The main control module 110 communicates with the pre-integration module 108 via a dedicated interface for controlling the operation of the pre-integration module 108 and reading signals processed by the pre-integration module 108, including digitized pacing detection signals. The lead-off detection signal, the amplified ECG signal, and the like. In an alternative embodiment, the dedicated interface can be a serial peripheral interface (SPI, Serial) Peripheral Interface).
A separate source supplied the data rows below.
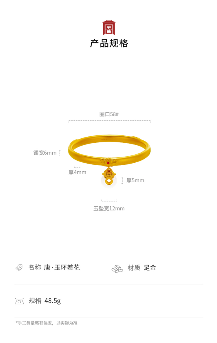 宫匠造办 十朝十美宫镯 唐·玉环羞花黄金手镯
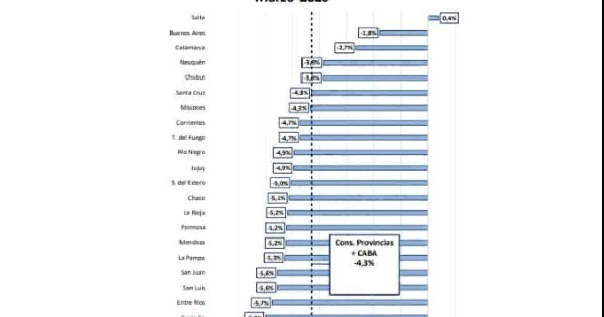 En este sentido, un informe del economista Nadin Argañaraz, del Instituto Argentino de Análisis Fiscal (Iaraf) señala que "en el mes de marzo de 2026 el gobierno Nacional envió al consolidado de provincias más CABA $5.050.000 millones en concepto de coparticipación, leyes especiales y compensaciones, frente a $3.995.000 millones enviados durante igual período del año anterior. Es decir que se observó una variación nominal del 26,4%. Descontando el proceso inflacionario del período, esto se traduciría en una baja real del 4,3%1".
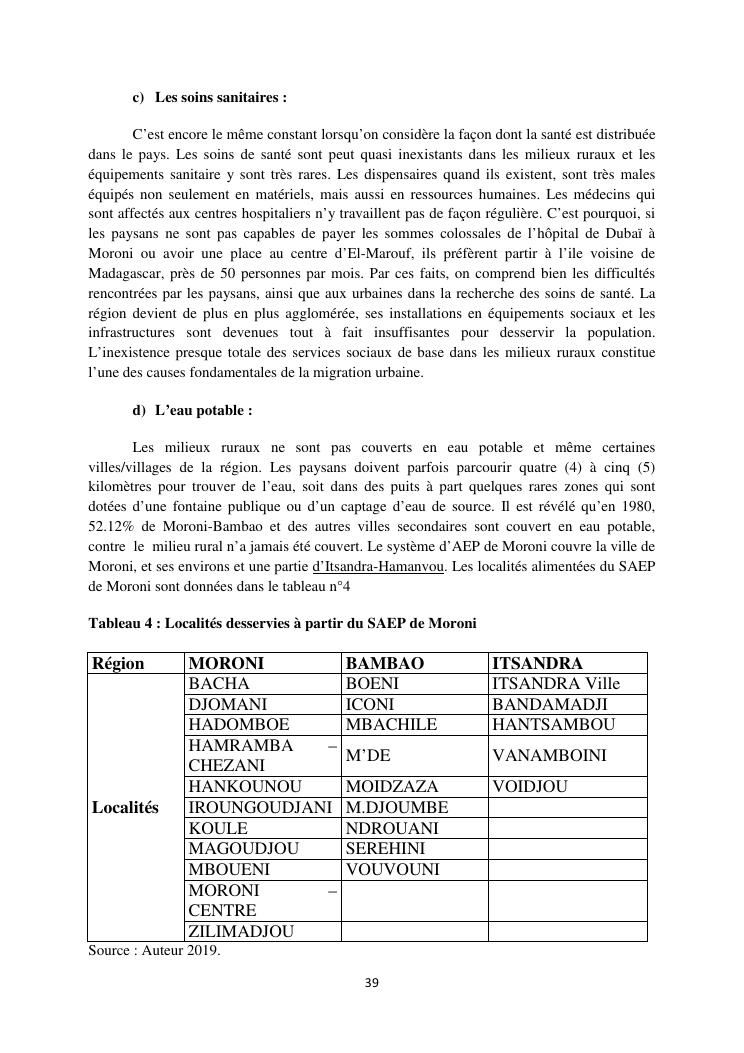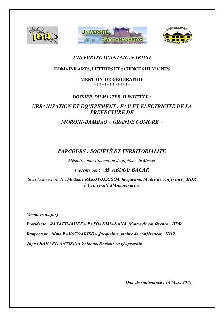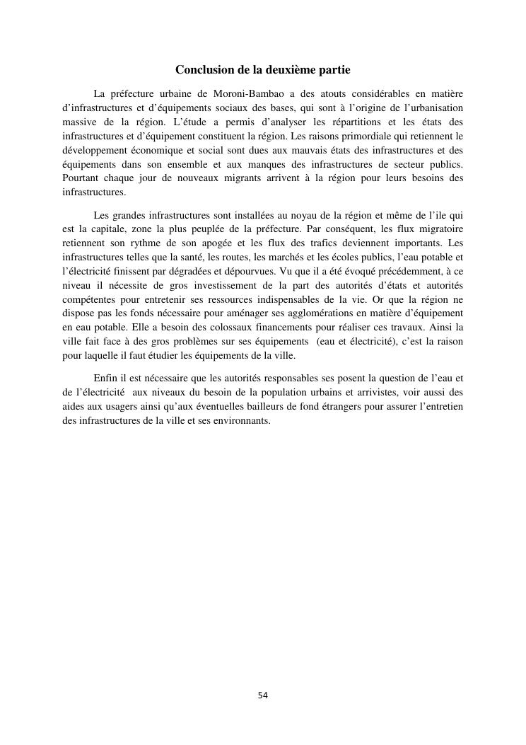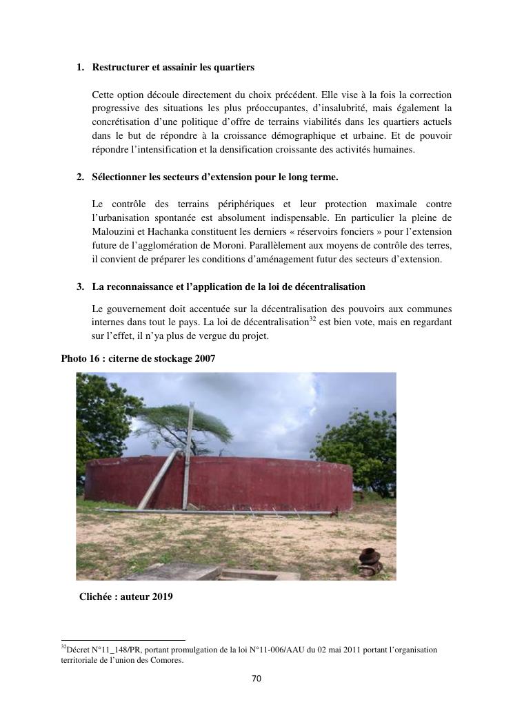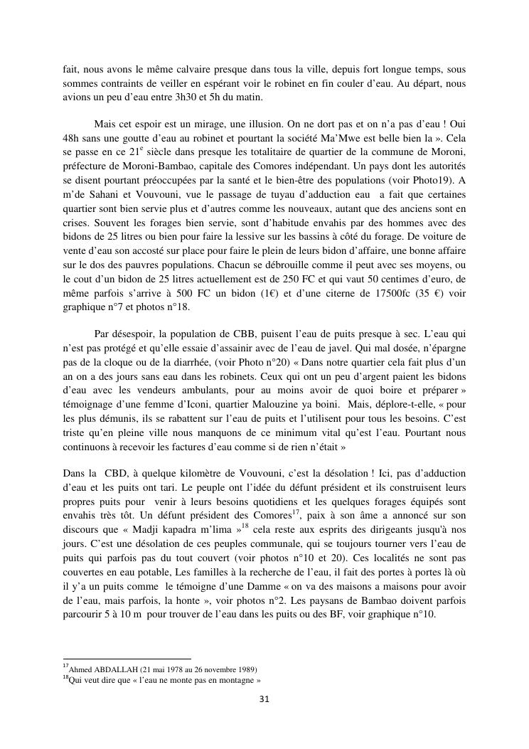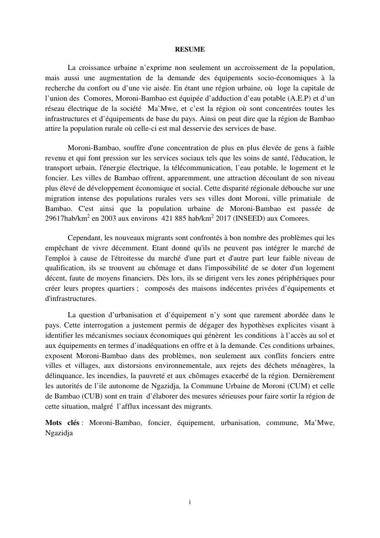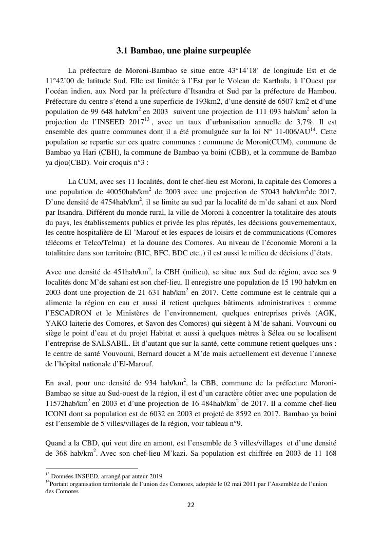 urbanisation et equipement : eau et electricite de la prefecture de moroni-bambao « grande comore »
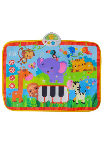 Музичний килимок "Зоопарк" від бренду Kids Hits. Кожен малюк буде вражений цим музичним килимком з різнокольоровими, яскравими вогниками! Веселі мелодії та мікси, голоси тварин зоопарку, кумедні вірші. Килимок зроблений з приємного матеріалу, який не викликає роздратування у малюка. Він стимулює дитину до руху. Малюк починає повзати, досліджувати звіряток на килимку та вивчати звуки. Режими відтворення: 9 віршів; 10 звуків тварин зоопарку; 10 кумедних міксів; реалістичні звуки піаніно. У килимку є тумблер включення та вимкнення, а також регулювання гучності. До того ж виріб зручний у використанні та не займає багато місця під час транспортування, адже його розмір становить 70*50 см. Просто складіть килимок в кілька згинів, щоби помістити його в сумку, і беріть із собою куди завгодно. Килимок рекомендовано для дітей від 8 місяців. Він розвиває у дитини когнітивні навички, сенсорні та музичні здібності. Для роботи використовуються 2 батарейки типу АА (є в комплекті).
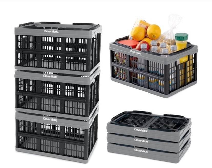 $26.99 CleverMade 3PK Collapsible Shopping Basket – Stone

The main control module 110 is configured to perform pacing detection processing, lead-off detection processing, and feature point recognition of the ECG signal on the read pacing detection signal, the lead-off detection signal, and the electrocardiographic signal, respectively, and process the processed The completed data is sent to the host computer through the interface module 112 for display. For example, the main control module 110 determines whether a lead-off occurs due to the lead-off detection signal, and transmits a lead-off flag signal when it is determined that the lead-off occurs, and sends it out through the interface module 112 for display.
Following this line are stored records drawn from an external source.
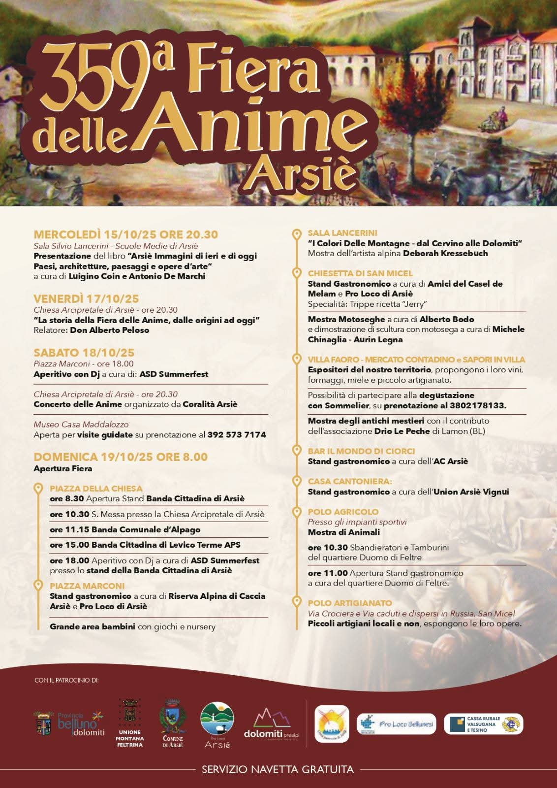 Arsiè – Domenica 19 Ottobre : 359^ Fiera delle Anime
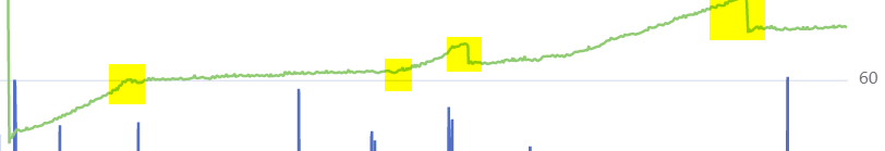 I had another one. After restart, I noticed a usage increase in memory, so I disbled all rules (first yellow box left) - leading to a NEARLY continous line but slowly increasing (up to second box left).
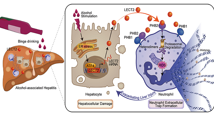 机制研究表明,酒精刺激肝细胞出现内质网应激,LECT2作为肝细胞发出的“信使”能够特异性结合中性粒细胞膜受体PHB2,破坏PHB1/PHB2异源二聚体的稳定结构,通过抑制线粒体自噬导致中性粒细胞内活性氧蓄积,进而触发中性粒细胞胞外诱捕网(NETs)的过度生成并加剧肝损伤。该研究揭示了AH进程中“肝细胞-中性粒细胞对话”的分子机制,不仅为解析AH发病机制提供了新视角,更重要的是确立了LECT2-NETs信号轴作为潜在AH治疗靶点的科学依据。
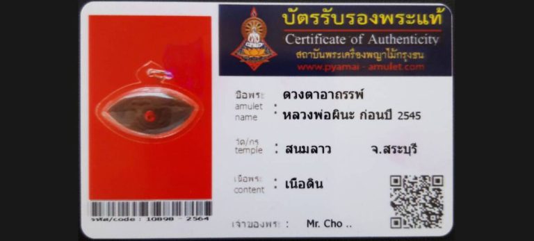 บัตรที่ผ่านการรับรองไม่มีหมวดหมู่ ดวงตาอาถรรพ์หลวงพ่อผินะ วัดสนมลาว จ.สระบุรี เจ้าของพระ Mr.Cho.. รหัสบัตร 10898 – 2564

The main control module 110 is further configured to perform filtering processing on the ECG signal. Optionally, the filtering process of the ECG signal by the main control module 110 mainly includes a low pass filtering process, a high pass filtering process, and a 50/60 Hz notch process. In an optional implementation manner, the low pass filtering may use a 2nd order Butterworth filter for filtering with a cutoff frequency of 20HZ, 40HZ, and 150HZ; the high pass filter may be a 2nd order Chebyshev filter for 0.05. Filtering of HZ, 0.5HZ, and 1HZ; the 50/60HZ notch is used to better eliminate Gibbs oscillation after filtering, and by way of example, the notch processing can be performed using comb filtering.

For example, the main control module 110 may determine whether a pacing state occurs according to the pacing detection signal, and perform corresponding de-pacing signal processing on the electrocardiographic signal when it is determined that a pacing state occurs. For example, the main control module 110 further performs identification of the QRS wave, the ST segment, and the arrhythmia on the ECG signal by a differential threshold method, a wavelet transform method, a neural network identification method, a template matching method, or the like.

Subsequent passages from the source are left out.